CHICAGO – Pity the poor penguin making pictures. Their wings cannot fly, they have no script approval or agents, just a trainer bribing them with food to hit the mark. Their presence, their cuteness, even their flightlessness are exploited for a dreadful Jim Carrey film called “Mr Popper’s Penguins.” Somebody call PETA.

Jim Carrey as Mr. Popper is the head of a New York City family, who are best described as schizophrenically insane. Somehow penguins figure in the story, which has no heart, soul or narrative center. It’s really just a sad circus parade of random, Jim Carrey-esque comic bits, clinging to the frayed and absurd premise that simply showing penguins being penguins is enough to sustain a feature film.

Mr. Popper is a typical movie Dad. He is wealthy, ambitious and somehow within that earning power and career determination managed to squeeze in a marriage and two kids. Naturally, he is divorced, but that is explained by his childhood. It seems his father abandoned him to go off on a series of worldly adventures, punctuated occasionally by a arbitrary visit or communication via ham radio. Popper simply doesn’t trust love.

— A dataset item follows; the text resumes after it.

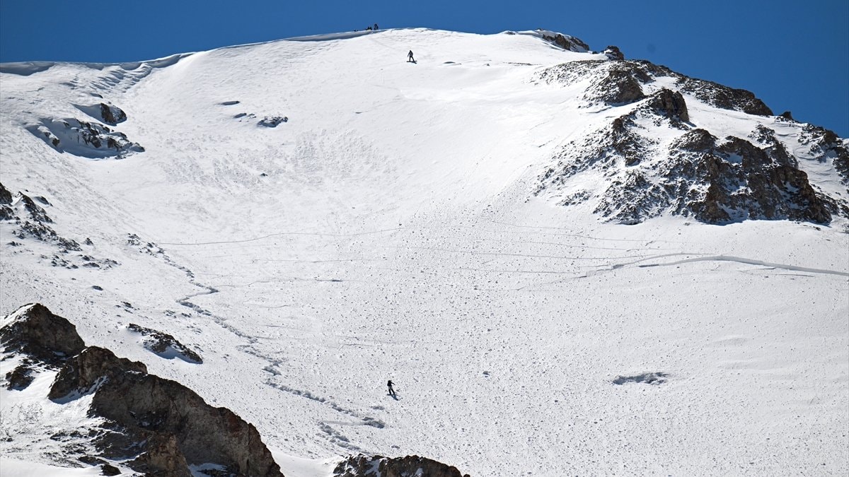 Van'da bir grup kayakçı, dün metrelerce karın bulunduğu 3 bin 550 metre yüksekliğindeki Artos Dağı'na tırmandı.
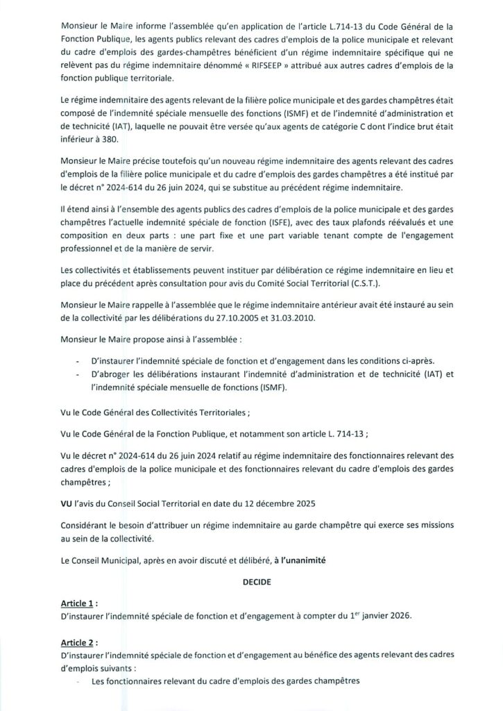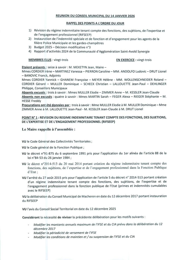 Compte-rendu du Conseil Municipal du 14.01.2026

His current dilemma involves the savory topic of property in the New York City. He represents a megalomaniac real estate firm, who wants to own all the landmarks in NYC (that warm fuzzy feeling is starting already). Central Park’s famed Tavern on the Green restaurant is their next target, owned by the ancient Mrs. Van Gundy (Angela Lansbury). The slimy Mr. Popper is convinced he can convince the old bag to sell, especially when assisted by his key associate Pippa (Ophelia Lovibond), who has an annoying tendency to speak in sentences only using the letter P. Mrs. Van Gundy, however, only wants to sell to someone pure of heart or some such similar requirement that all New York City property owners have.

In the midst of all this, Popper gets some bad news. His absent father has passed away, and in his will arranges for a package to be sent. When Popper receives it, inside is a penguin! It doesn’t matter how the animal was shipped without dying, it’s a penguin! And through a series of nutty circumstances, five more penguins are sent! Despite that in the real world it would probably take one phone call to get rid of the flightless fowl, Popper decides to keep all of the birds. This surprises his ex-wife Amanda (Carla Gugino) and the two kids (Maxwell Perry Cotton and Madeline Carroll) who regardless of their professed disgust over their father have a change of heart once they encounter the precious penguins.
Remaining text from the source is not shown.